Remark: in this problem, we boost the probability of success from [math]\displaystyle{ \frac{3}{4} }[/math] to [math]\displaystyle{ 1-\delta }[/math]. This method is called the median trick.

Hint: Chernoff bound.

Problem 2

In class, we saw how to estimate the number of distinct elements in a data stream using the Flajolet-Martin algorithm.

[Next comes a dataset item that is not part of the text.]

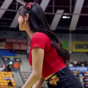 (SOUND)Hanna Kim cheerleader, bulging red tee

Consider the following alternative formulation of the distinct elements problem: given an [math]\displaystyle{ N }[/math] dimensional vector [math]\displaystyle{ x }[/math], we want to process a stream of arbitrary increments to entries in [math]\displaystyle{ x }[/math]. In other words, if we see a number [math]\displaystyle{ i\in 1,\dots,N }[/math] in the stream, we update entry [math]\displaystyle{ x_i\gets x_i + 1 }[/math]. Our goal is to estimate [math]\displaystyle{ \left \|x\right \|_0 }[/math], which measures the number of non-zero entries in [math]\displaystyle{ x }[/math]. With [math]\displaystyle{ x }[/math] viewed as a histogram that maintains counts for [math]\displaystyle{ N }[/math] potential elements, [math]\displaystyle{ \left \|x\right \|_0 }[/math] is exactly the number of distinct elements processed. In this problem we will develop an alternative algorithm for estimating [math]\displaystyle{ \left \|x\right \|_0 }[/math] that can also handle decrements to entries in x. Specifically, instead of the stream containing just indices [math]\displaystyle{ i }[/math], it contains pairs [math]\displaystyle{ (i, +) }[/math] and [math]\displaystyle{ (i, −) }[/math]. On receiving [math]\displaystyle{ (i, +) }[/math], [math]\displaystyle{ x }[/math] should update so that [math]\displaystyle{ x_i\gets x_i + 1 }[/math] and on receiving [math]\displaystyle{ (i, −) }[/math], [math]\displaystyle{ x }[/math] should update so that [math]\displaystyle{ x_i\gets x_i - 1 }[/math]. For this problem we will assume that, at the end of our stream, each [math]\displaystyle{ x_i \ge 0 }[/math] (i.e. for a specific index we can’t receive more decrements than increments).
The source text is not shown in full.